Panoramic view of chemokines mutations in TCGA-SKCM cohort. (a) Mutation panorama analysis of chemokines in TCGA-SKCM dataset; (b) Summarizes the frequency of deleterious mutations of chemokines in TCGA-SKCM cohort; (c) Oncoplot presents the mutation distribution of top 10 mutated chemokines from inputted gene set in sample set of SKCM.
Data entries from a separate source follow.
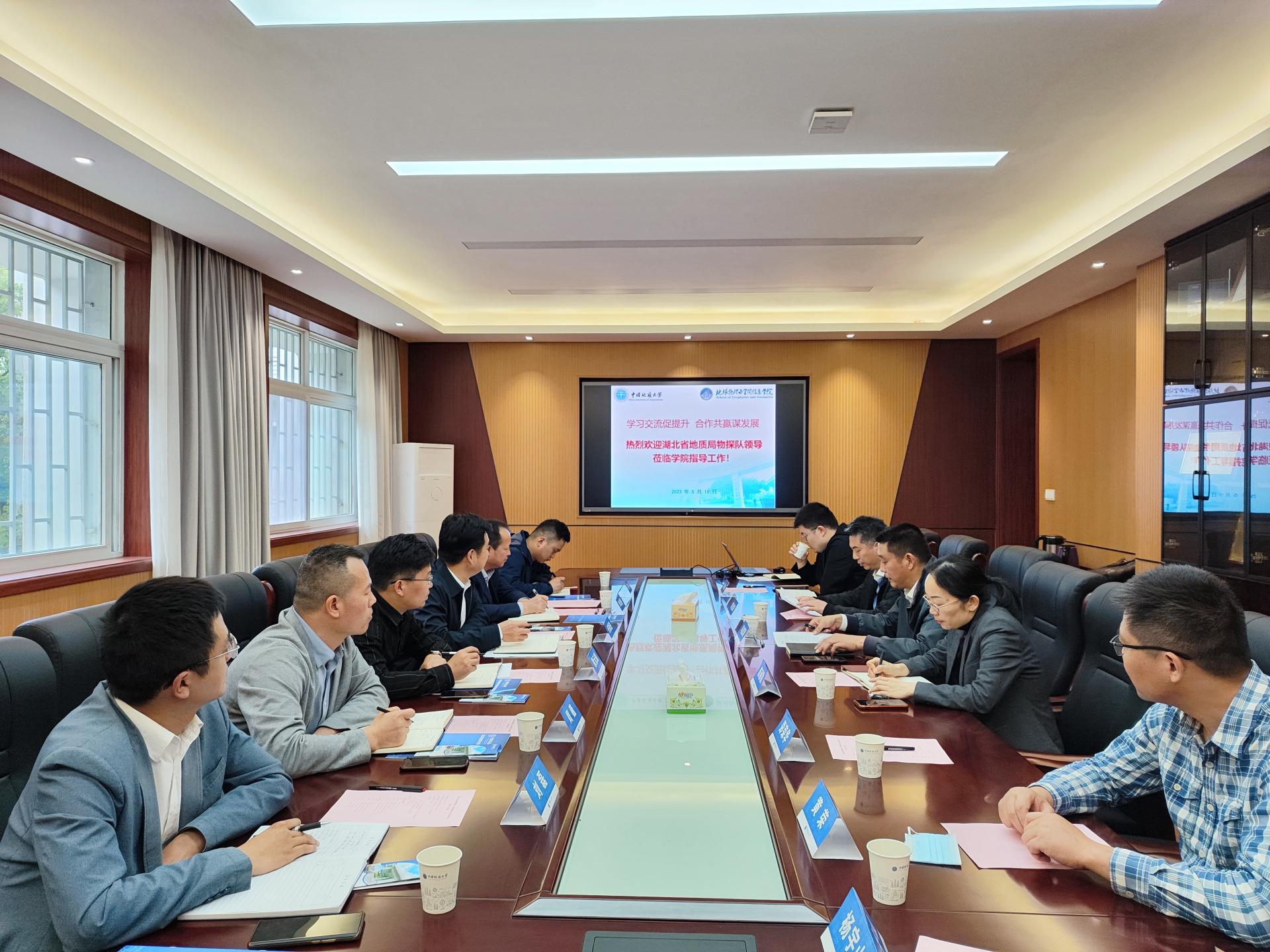 湖北省地质局物探队党委书记、队长任康进,副队长、总工程师李成香及徐元璋主任、石仲、周巍副主任,刘磊副所长参加交流,公司党委书记马彦周、副书记黄金波、副经理陈丽霞、校就业指导处彭鑫副科长及教师代表彭荣华、杨宇山、黄荣参加座谈学习。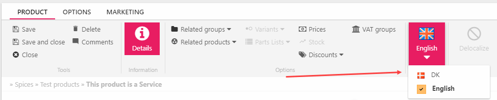 When more than one language is present on a solution you can use the language selector dropdown (Figure 10.1) in the ribbon bar to change the language context.
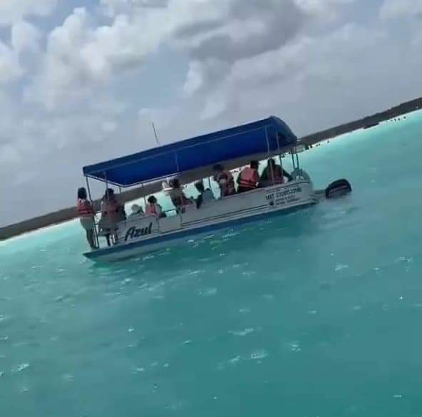 Un catamarán fue captado este domingo cuando se hundía en la Laguna de los 7 Colores, en Bacalar Quintana Roo al parecer por sobrecupo.

Transcriptional variations of chemokines in SKCM
The pie chart in Fig. 2a provides a summary of Copy Number Variations (CNVs) of chemokines in SKCM. Both heterozygous and homozygous CNVs were observed, including amplifications and deletions. XCL2 and XCL1 exhibited the highest frequency of homozygous and heterozygous amplifications, while CCL21 and CCL19 showed the highest frequency of heterozygous deletions (Fig. 2c,d). Considering that CNVs and DNA methylation can regulate transcript expression35, we investigated the relationship between DNA methylation, CNV, and gene expression. As depicted in Fig. 2b, upregulated expressions of 10 chemokines such as CCL28, CCL19, and CX3CL1 were found during CNV formation. A significantly negative correlation was identified between methylation levels and expression levels of most chemokines, particularly for CXCL10 and CCL28 (Fig. 2e).
Figure 2.
Transcriptional Variations of chemokines in SKCM. (a) Pie charts of multiple CNV types for each chemokine in SKCM. (b) Correlation of CNVs and chemokine expression. (c) The Homozygous CNV pattern of chemokines in SKCM. (d) The Heterozygous CNV pattern of chemokines in SKCM. Red represents amplification and blue represents deletion. The size of the dot represents the mutation frequency. (e) Correlation between DNA methylation and chemokine expression in SKCM. The color red indicated a positive association, whereas the color blue indicated a negative correlation. The deeper the hue, the higher the correlation index. The size of the bubble represents the FDR.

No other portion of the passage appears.